Polyaxon allows to schedule distributed Horovod experiments, and supports tracking metrics, outputs, and models.
Experiments on a single node
To run experiments on single node with Horovod, you don’t need to deploy the MPIOperator, you just need to provide the correct command and args to enable usage of Horovod.
version: 1.1
kind: component
inputs:
- name: gpus
isOptional: true
type: int
value: 2
run:
kind: job
container:
image: IMAGE_TO_USE
resources:
limits:
nvidia.com/gpu: "{{ gpus }}"
command: ["horovodrun", "-np", "{{ gpus }}", "-H", "localhost:{{ gpus }}", "python", "-u", "mnist.py"]
Distributed experiments with the MPIJob Operator
Polyaxon provides support for Horovod via the MPIJob Operator. So you will need to deploy the operator first and then provide a valid MPIJob manifest.
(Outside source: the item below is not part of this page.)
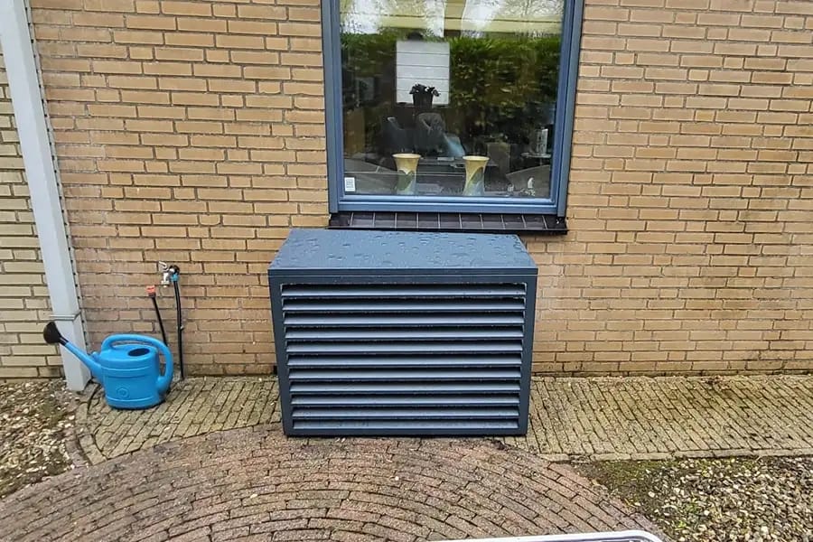 Voor beide units hebben we een aparte voedingskabel naar de meterkast getrokken en ze aangesloten op een eigen groep, om zo optimale efficiëntie en veiligheid te waarborgen. De buitenunit van de airco hebben we voorzien van een stijlvolle airco cover in antraciet RAL 7016, wat zorgt voor een esthetisch verantwoorde afwerking die naadloos aansluit bij de buitenkant van de woning.

Define the distributed topology
Please check the guide Running Horovod for more details on how to set a Horovod experiment with MPI.
Example manifest:
version: 1.1
kind: component
run:
kind: mpijob
slotsPerWorker: 1
launcher:
replicas: 1
container:
image: docker.io/kubeflow/mpi-horovod-mnist
command:
- mpirun
args:
- -np
- "2"
- --allow-run-as-root
- -bind-to
- none
- -map-by
- slot
- -x
- LD_LIBRARY_PATH
- -x
- PATH
- -mca
- pml
- ob1
- -mca
- btl
- ^openib
- python
- /examples/tensorflow_mnist.py
resources:
limits:
cpu: 1
memory: 2Gi
worker:
replicas: 2
container:
image: docker.io/kubeflow/mpi-horovod-mnist
resources:
limits:
cpu: 2
memory: 4Gi